For object detection, we use the concept of Intersection over Union (IoU). IoU measures the overlap between 2 boundaries. We use that to estimate how much our predicted boundary overlaps with the ground truth (the actual object boundary):
- Red - ground truth bounding box;
- Green - predicted bounding box.
In simple terms, IoU tells us how well predicted and the ground truth bounding box overlap. You'll see that in code, we can set a threshold value for the IoU to determine if the object detection is valid or not.
For COCO, AP is the average over multiple IoU (the minimum IoU to consider a positive match). AP@[.5:.95] corresponds to the average AP for IoU from 0.5 to 0.95 with a step size of 0.05. For the COCO competition, AP is the average over 9 IoU levels on 80 categories (AP@[.50:.05:.95]: start from 0.5 to 0.95 with a step size of 0.05). The following are some other metrics collected for the COCO dataset:
And, because my tutorial series is related to the YOLOv3 object detector, here is AP results from the author's paper:
In the figure above, AP@.75 means the AP with IoU=0.75.

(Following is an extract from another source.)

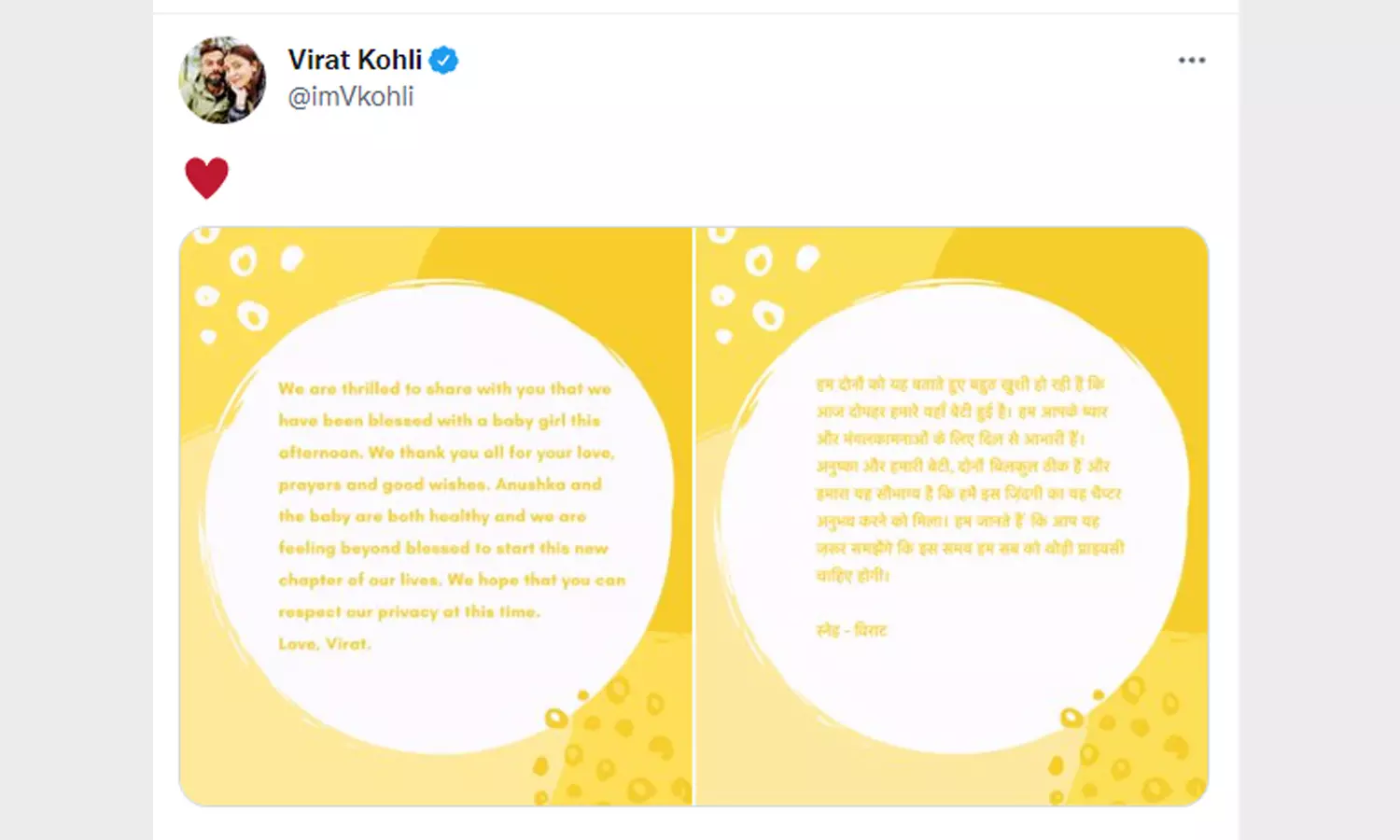 2021ൽ ഏറ്റവുമധികം ലൈക്ക് ചെയ്യപ്പെട്ടത് മകളുടെ ജനനം അറിയിച്ചുള്ള വിരാട് കോഹ്ലിയുടെ ട്വീറ്റ്

mAP (mean average precision) is the average of AP. In some contexts, we compute the AP for each class and average them. But in some context, they mean the same thing. For example, under the COCO context, there is no difference between AP and mAP. Here is the direct quote from COCO:
AP is averaged overall categories. Traditionally, this is called "mean average precision" (mAP). We make no distinction between AP and mAP (and likewise AR and mAR) and assume the difference is clear from the context.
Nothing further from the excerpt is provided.